**Supplied material**:
[Start of Attachment]
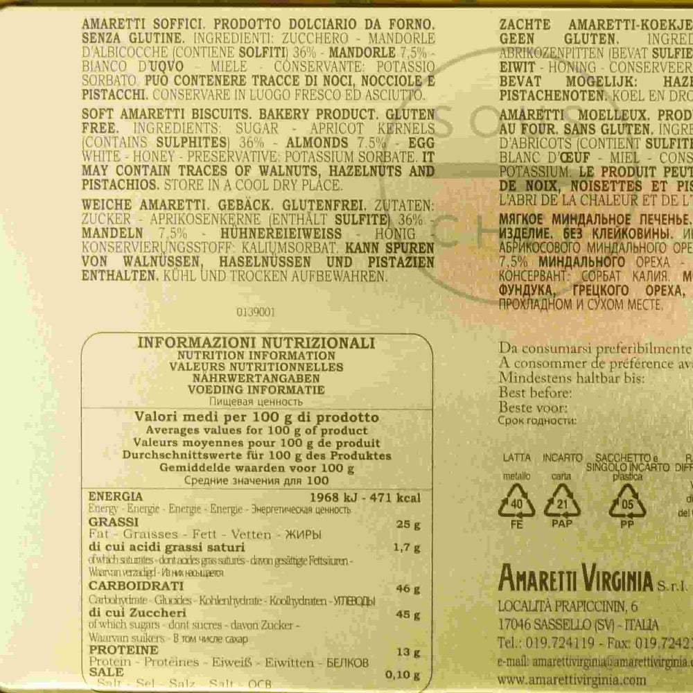 Founded in 1860, Amaretti Virginia is famous for its superb Italian biscuits and confectionery. Their amaretti biscuits are renowned for their soft texture and alluring almond aroma. The bakery that once produced the amaretti became so popular that the square it overlooked was referred to as 'Piazza degli Amaretti Virginia' in postcards of the time. Amaretti Virginia now produces a wide range of Italian treats in sweet and fruity flavours. They make wonderful gifts for friends and family.
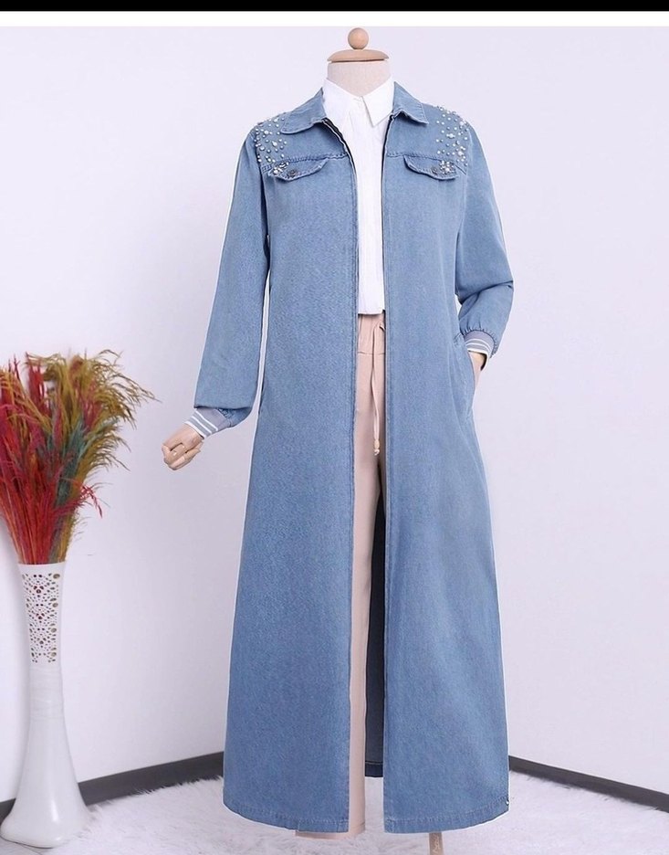 Pastel mavi uzun denim kaban, yakalı ve fermuarlı tasarlanmıştır. Uzun kollu, rahat kesim ve günlük sokak stili için uygundur. Göğüs ceplerinde süslemeler bulunur.
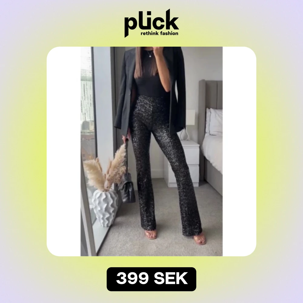 Utsvängda paljettbyxor/leggings från ZARA Har lite stretch i materialet och resårband i midjan. Storlek: S Färg: Svart Skick: Använda ett fåtal ggr, små spår av användning men knappt märkbara, fint skick.
[End of Attachment]
**Action item**: For this exercise, return the material word for word and drop each image.

**Exercise solution**:
 Founded in 1860, Amaretti Virginia is famous for its superb Italian biscuits and confectionery. Their amaretti biscuits are renowned for their soft texture and alluring almond aroma. The bakery that once produced the amaretti became so popular that the square it overlooked was referred to as 'Piazza degli Amaretti Virginia' in postcards of the time. Amaretti Virginia now produces a wide range of Italian treats in sweet and fruity flavours. They make wonderful gifts for friends and family.
 Pastel mavi uzun denim kaban, yakalı ve fermuarlı tasarlanmıştır. Uzun kollu, rahat kesim ve günlük sokak stili için uygundur. Göğüs ceplerinde süslemeler bulunur.
 Utsvängda paljettbyxor/leggings från ZARA Har lite stretch i materialet och resårband i midjan. Storlek: S Färg: Svart Skick: Använda ett fåtal ggr, små spår av användning men knappt märkbara, fint skick.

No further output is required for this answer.